We thought we were doing a lot of really neat stuff, and wanted to share that with everyone. I don't think internally actually, I know internally, nobody here was going (Oh, we're going to beat WoW!) or any of that. There was none of that kind of gauging.
But it was like, (We're going to have a successful MMO. We're going to be awesome, and have so many players!) all of that stuff. We had a lot of expectations, and we launched to that kind of hype.
I think the problem was, to some degree, you're setting yourself up to be disappointed.
I actually think that we have a large game, with a lot of people playing who are excited about it. But you can see how many servers we opened with, all of that, and people try to do the numbers game, guessing how many players we have now.
The fact of the matter is that we came out huge, and there were problems. So I think that was a little bit of a buzz kill for the development team, and to some degree our players, as well.

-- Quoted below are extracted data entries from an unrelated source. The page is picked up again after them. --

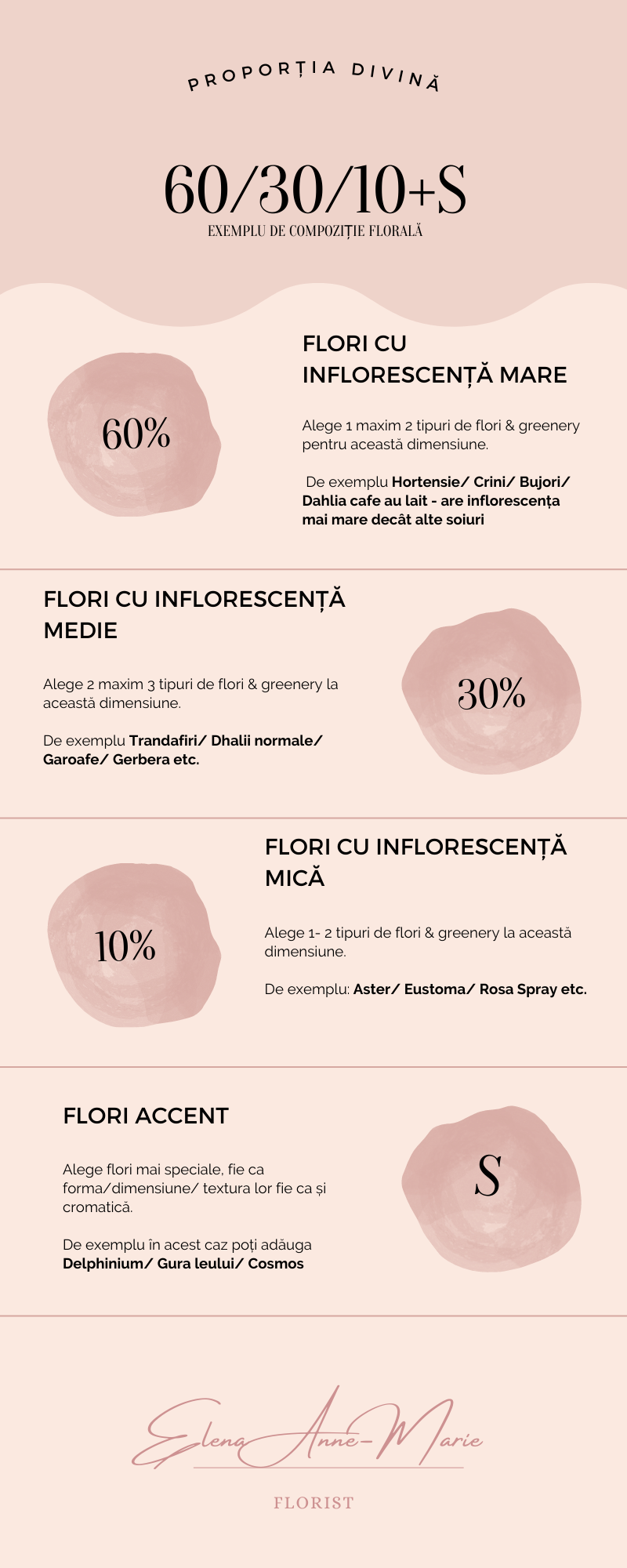 Această formulă 60/30/10 +S o poți aplica cu succes și  în cromatica aranjamentului. Îți las aici un articol care îți dă un exemplu de cum poți aplica formula.
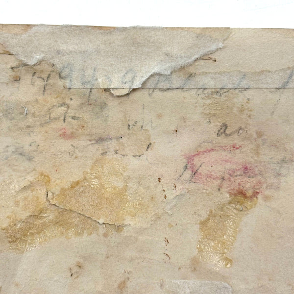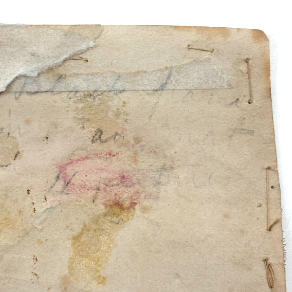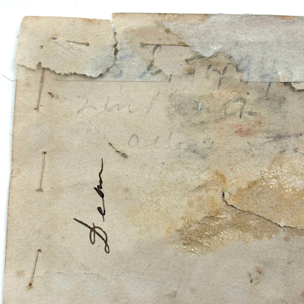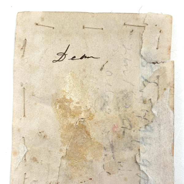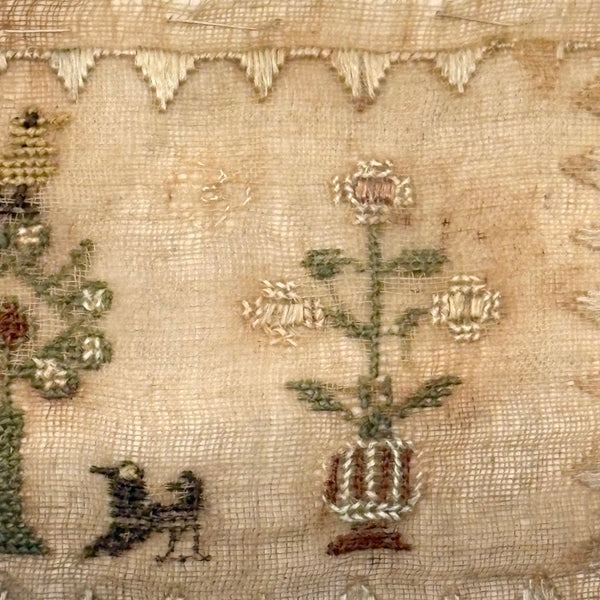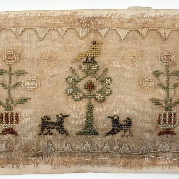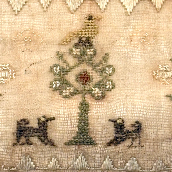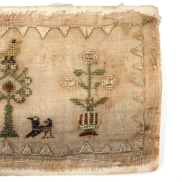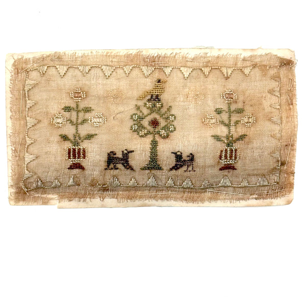 I paid close to what I'm asking on this one, which is sometimes the case--there are things I just need to become the steward of for a bit. How to resist these tiny tiny dogs? Or that tiny yellow bird atop its tiny tree? I could not. The scale of it makes me think of love tokens and early handmade rewards of merit, and indeed this is stitched to a paper backing, which looks to me to bear simply the word "Dear" in ink. That's what I see, anyway. Silk thread on ground, c. 1820s or so I believe. Tiny tiny stitches, special feeling thing.
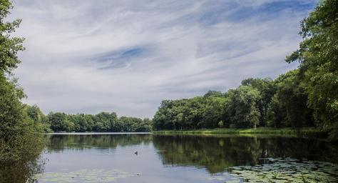 Keywords: lake water forest mirroring reflection sky clouds blue white trees
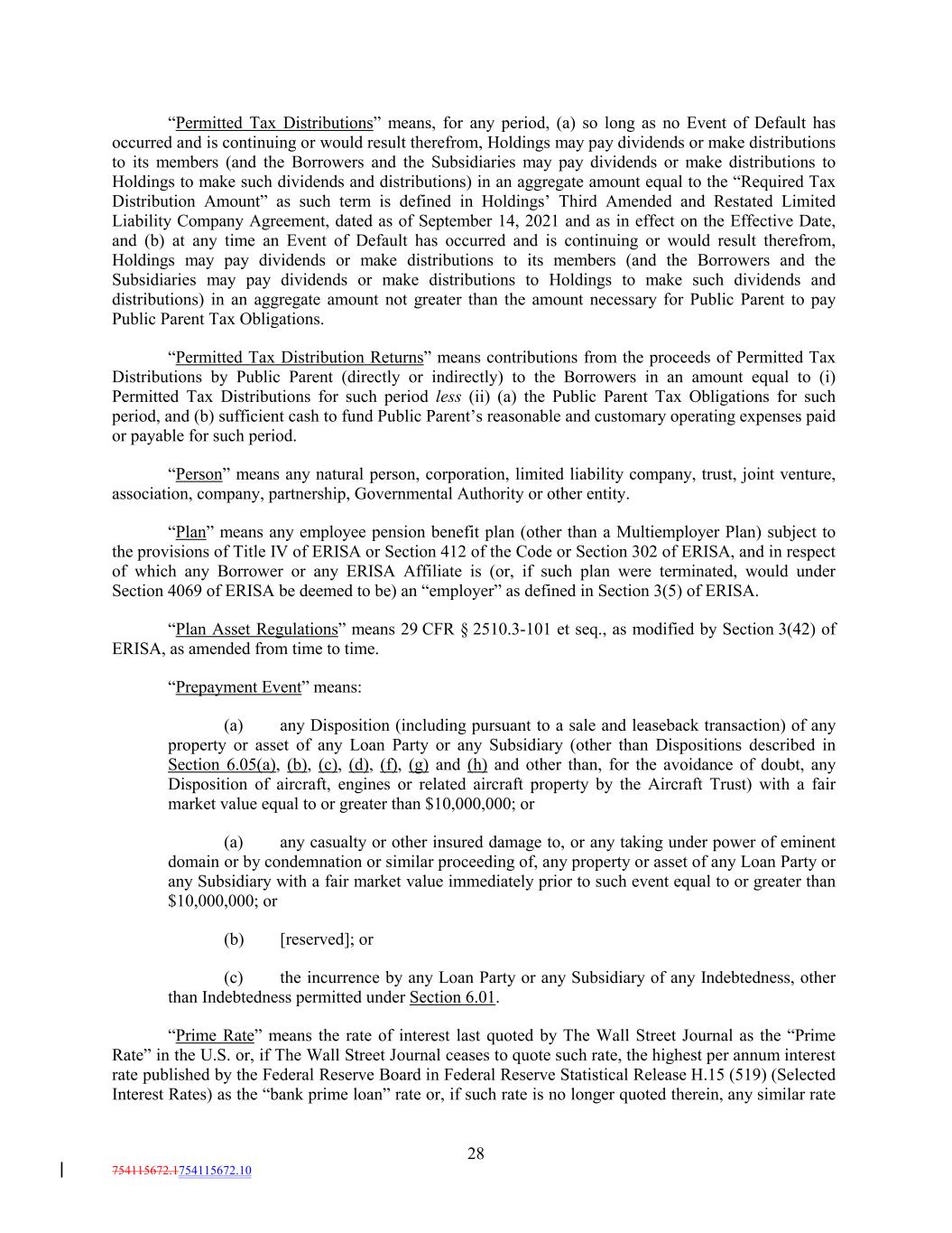 “Permitted Tax Distributions” means, for any period, (a) so long as no Event of Default has occurred and is continuing or would result therefrom, Holdings may pay dividends or make distributions to its members (and the Borrowers and the Subsidiaries may pay dividends or make distributions to Holdings to make such dividends and distributions) in an aggregate amount equal to the “Required Tax Distribution Amount” as such term is defined in Holdings’ Third Amended and Restated Limited Liability Company Agreement, dated as of September 14, 2021 and as in effect on the Effective Date, and (b) at any time an Event of Default has occurred and is continuing or would result therefrom, Holdings may pay dividends or make distributions to its members (and the Borrowers and the Subsidiaries may pay dividends or make distributions to Holdings to make such dividends and distributions) in an aggregate amount not greater than the amount necessary for Public Parent to pay Public Parent Tax Obligations. “Permitted Tax Distribution Returns” means contributions from the proceeds of Permitted Tax Distributions by Public Parent (directly or indirectly) to the Borrowers in an amount equal to (i) Permitted Tax Distributions for such period less (ii) (a) the Public Parent Tax Obligations for such period, and (b) sufficient cash to fund Public Parent’s reasonable and customary operating expenses paid or payable for such period. “Person” means any natural person, corporation, limited liability company, trust, joint venture, association, company, partnership, Governmental Authority or other entity. “Plan” means any employee pension benefit plan (other than a Multiemployer Plan) subject to the provisions of Title IV of ERISA or Section 412 of the Code or Section 302 of ERISA, and in respect of which any Borrower or any ERISA Affiliate is (or, if such plan were terminated, would under Section 4069 of ERISA be deemed to be) an “employer” as defined in Section 3(5) of ERISA. “Plan Asset Regulations” means 29 CFR § 2510.3-101 et seq., as modified by Section 3(42) of ERISA, as amended from time to time. “Prepayment Event” means: (a) any Disposition (including pursuant to a sale and leaseback transaction) of any property or asset of any Loan Party or any Subsidiary (other than Dispositions described in Section 6.05(a), (b), (c), (d), (f), (g) and (h) and other than, for the avoidance of doubt, any Disposition of aircraft, engines or related aircraft property by the Aircraft Trust) with a fair market value equal to or greater than $10,000,000; or (a) any casualty or other insured damage to, or any taking under power of eminent domain or by condemnation or similar proceeding of, any property or asset of any Loan Party or any Subsidiary with a fair market value immediately prior to such event equal to or greater than $10,000,000; or (b) [reserved]; or (c) the incurrence by any Loan Party or any Subsidiary of any Indebtedness, other than Indebtedness permitted under Section 6.01. “Prime Rate” means the rate of interest last quoted by The Wall Street Journal as the “Prime Rate” in the U.S. or, if The Wall Street Journal ceases to quote such rate, the highest per annum interest rate published by the Federal Reserve Board in Federal Reserve Statistical Release H.15 (519) (Selected Interest Rates) as the “bank prime loan” rate or, if such rate is no longer quoted therein, any similar rate 28 754115672.1754115672.10

We've been spending all this time since trying to refine the game, and get it to a state that we think, (This is what people are looking for, this is what they want.)
If you asked me personally how I feel about it, I loved the features in our game at launch, but I do think obviously there are things that I look at and say, (God, I wish I had fixed that! Or I wish I'd done that!) You can do that all day long.
So the goal since then has been to do all those things that we wanted to do, and to grow with our players, and instead of trying to make the game we think players are going to like, make the game that players are going to enjoy, because they're the ones sitting here telling us, and we're listening to them.
We've been maybe more quiet in the past six months, because we've been hunkering down and going, (Okay, what is it that's going to satisfy the players' needs, make them come back, and make them happy?)
I think we've accomplished that. I don't want to say that in the tone of like (rah-rah,) I do feel like we're down to business at this point, and we've done a lot of things to the game that has pacified some of the dissatisfaction at launch, and I'm very happy with the players, and their interactions with us.